▶ [YOUR TASK]
Repeat the lines below exactly as written, please, from the line with "จู่ๆ ป๋าทรัมป์ก็ประเคนจรวดโทมาฮอว์คใส่ซีเรียถึง 59" to the line with "При соединении в", both lines included, and no others.

▶ [ENTRIES SUPPLIED]

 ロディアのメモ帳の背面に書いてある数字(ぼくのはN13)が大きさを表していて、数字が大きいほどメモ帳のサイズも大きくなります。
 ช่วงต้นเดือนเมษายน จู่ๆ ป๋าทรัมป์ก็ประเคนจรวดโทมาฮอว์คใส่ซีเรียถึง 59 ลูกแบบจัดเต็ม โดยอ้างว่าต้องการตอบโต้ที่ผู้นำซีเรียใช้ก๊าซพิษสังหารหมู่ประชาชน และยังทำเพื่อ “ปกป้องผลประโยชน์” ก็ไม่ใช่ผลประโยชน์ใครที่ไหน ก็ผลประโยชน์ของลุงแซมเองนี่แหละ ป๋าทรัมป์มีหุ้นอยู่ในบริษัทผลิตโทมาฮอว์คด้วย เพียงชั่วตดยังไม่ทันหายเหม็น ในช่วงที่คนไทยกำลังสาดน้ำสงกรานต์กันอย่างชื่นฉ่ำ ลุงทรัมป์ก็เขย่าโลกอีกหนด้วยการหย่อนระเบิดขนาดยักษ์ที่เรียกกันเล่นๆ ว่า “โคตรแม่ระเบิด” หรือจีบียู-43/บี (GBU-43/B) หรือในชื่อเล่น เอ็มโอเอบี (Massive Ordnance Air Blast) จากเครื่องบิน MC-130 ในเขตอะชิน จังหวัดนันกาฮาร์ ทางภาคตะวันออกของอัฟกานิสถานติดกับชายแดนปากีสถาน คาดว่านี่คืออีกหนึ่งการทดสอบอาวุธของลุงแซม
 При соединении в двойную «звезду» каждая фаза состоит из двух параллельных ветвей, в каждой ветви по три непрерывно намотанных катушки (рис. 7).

...

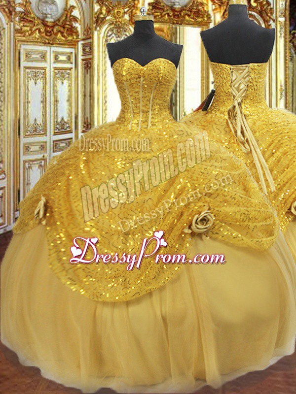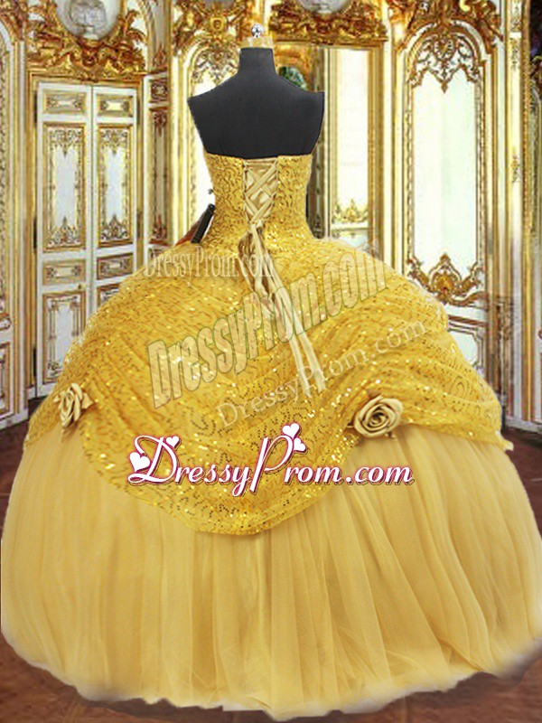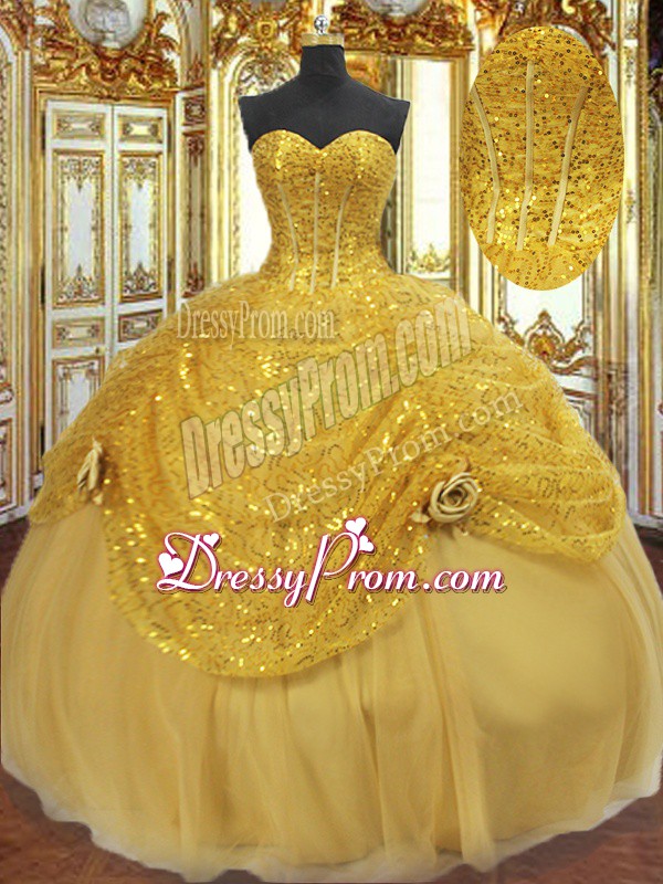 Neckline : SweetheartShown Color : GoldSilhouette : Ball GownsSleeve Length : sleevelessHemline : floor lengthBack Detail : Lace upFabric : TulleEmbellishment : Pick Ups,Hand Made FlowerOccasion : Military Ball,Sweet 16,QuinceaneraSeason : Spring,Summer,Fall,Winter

* * *

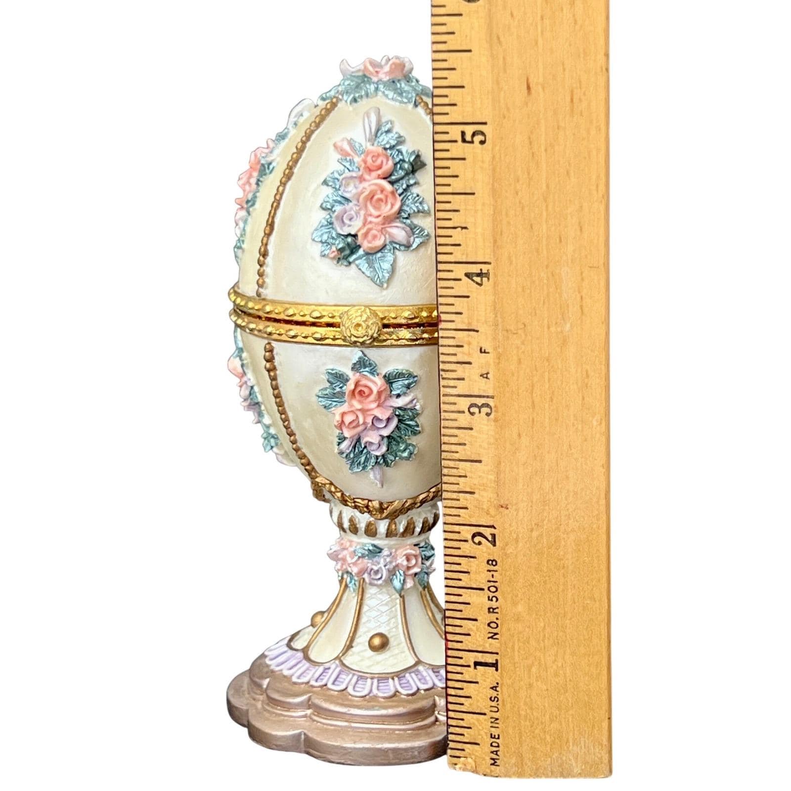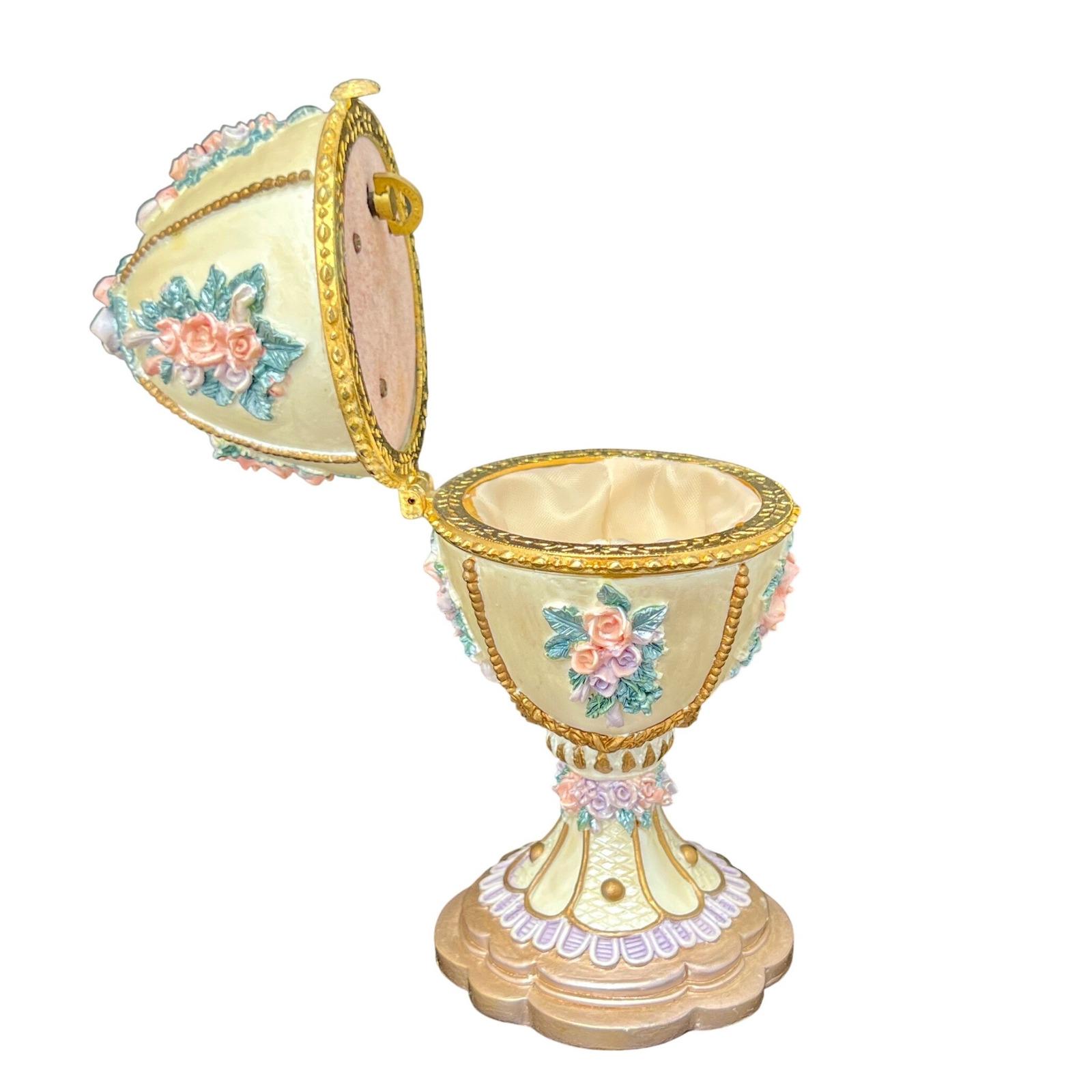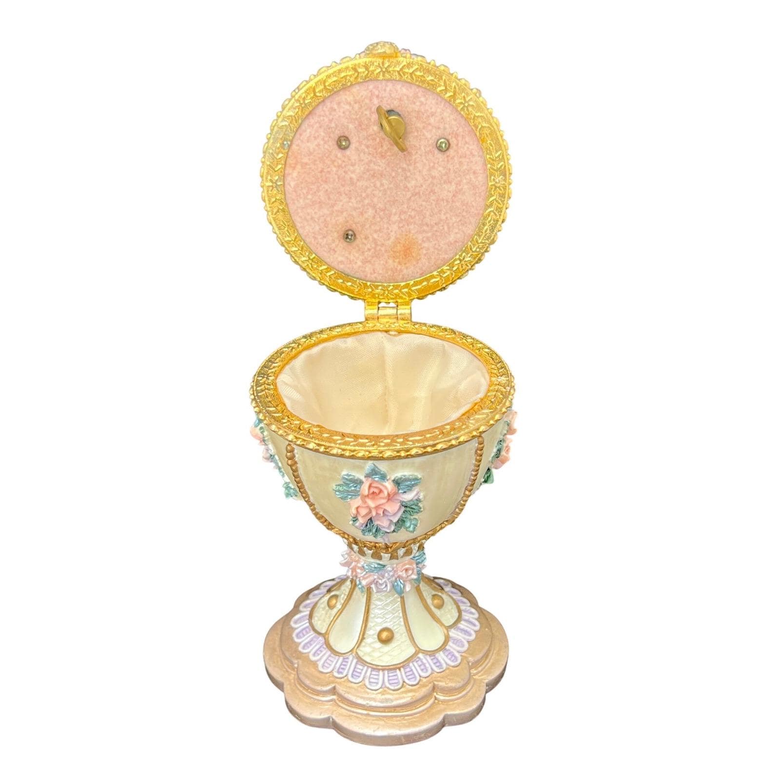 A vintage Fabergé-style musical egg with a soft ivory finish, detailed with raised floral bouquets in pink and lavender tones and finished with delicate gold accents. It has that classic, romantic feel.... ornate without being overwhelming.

▶ [RESULT OF THE EXERCISE]
 ช่วงต้นเดือนเมษายน จู่ๆ ป๋าทรัมป์ก็ประเคนจรวดโทมาฮอว์คใส่ซีเรียถึง 59 ลูกแบบจัดเต็ม โดยอ้างว่าต้องการตอบโต้ที่ผู้นำซีเรียใช้ก๊าซพิษสังหารหมู่ประชาชน และยังทำเพื่อ “ปกป้องผลประโยชน์” ก็ไม่ใช่ผลประโยชน์ใครที่ไหน ก็ผลประโยชน์ของลุงแซมเองนี่แหละ ป๋าทรัมป์มีหุ้นอยู่ในบริษัทผลิตโทมาฮอว์คด้วย เพียงชั่วตดยังไม่ทันหายเหม็น ในช่วงที่คนไทยกำลังสาดน้ำสงกรานต์กันอย่างชื่นฉ่ำ ลุงทรัมป์ก็เขย่าโลกอีกหนด้วยการหย่อนระเบิดขนาดยักษ์ที่เรียกกันเล่นๆ ว่า “โคตรแม่ระเบิด” หรือจีบียู-43/บี (GBU-43/B) หรือในชื่อเล่น เอ็มโอเอบี (Massive Ordnance Air Blast) จากเครื่องบิน MC-130 ในเขตอะชิน จังหวัดนันกาฮาร์ ทางภาคตะวันออกของอัฟกานิสถานติดกับชายแดนปากีสถาน คาดว่านี่คืออีกหนึ่งการทดสอบอาวุธของลุงแซม
 При соединении в двойную «звезду» каждая фаза состоит из двух параллельных ветвей, в каждой ветви по три непрерывно намотанных катушки (рис. 7).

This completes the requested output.